NEW YORK (AP) - Cisco Systems Inc. is expected to provide details on Monday on its push into the server market, a move that is seen as treading on the toes of longtime partners Hewlett-Packard Co. and IBM Corp.

Chief Executive John Chambers is scheduled to present the company’s vision of “Unified Computing” at a morning press conference.

Quite a few details of Cisco’s plans have leaked out already. Cisco talked about its server plans for the first time in January. It’s a big step for a company that has so far focused on networking equipment, and could bring it into conflict with the companies that sell the computers connected by Cisco equipment.

Analysts have noted that margins in the server market are far lower than those in Cisco’s core business.

Stifel Nicolaus analyst Sanjiv Wadhwani said Friday after meeting with a Cisco executive that Cisco is about to announce a server code-named “California” as part of a package for data centers. It’s designed to integrate with VMware Inc.’s virtualization software, which lets one computer act like several machines. That technology is already reshaping data centers.

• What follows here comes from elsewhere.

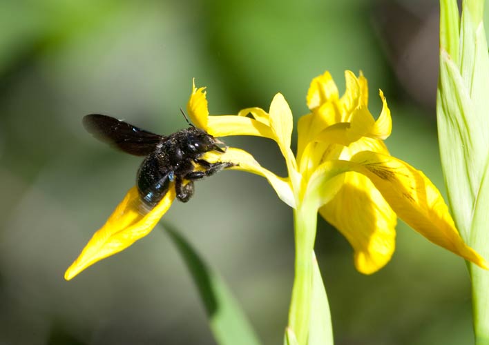 blaue Holzbiene auf gelber Schwertlilie (Iris pseudacorus) ...mehr über unsere → Wildbienen im Glemstal → Schwertliliengewächse im Glemstal |
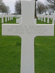 Sgt Baldwin was initially buried in an isolated grave with a crude cross with two identification tags attached. This grave was in a field on the Overloonse Weg and the Hattertweg in Vierlingsbeek. From the appearance and crude fashion of the grave, it was thought it was erected by civilians. It was discovered by members of Company A of the 1257th Engineer Combat Battalion on 22 March 1945.

“California” is in the “blade” category _ thin, relatively low-end servers that can be rack-mounted in great numbers _ and is powered by Intel Corp. chips, Wadhwani believes.

“Cisco’s goal is to radically change the way data centers are designed, built and operated,” Wadhwani wrote in a research note.

He believes Cisco will be able to charge a premium for servers that can use virtualization to configure themselves regardless of physical location, thus getting away from the low-margin trap. It could be a $5 billion business for Cisco in a few years, he believes.

Mike Banick, vice president of marketing at Cisco competitor Juniper Networks Inc., said he expects Cisco to use proprietary technology to tie the different components of a data center together, and tie customers into buying its products as a package.

That goes against the trend of customers wanting increasing flexibility and freedom to buy from different vendors, he said.

Juniper is collaborating with IBM on developing data center technologies, and doesn’t make servers.

“IBM and HP have had the leadership in that market for a long time, and I can only imagine that it’s very challenging to enter,” Banick said.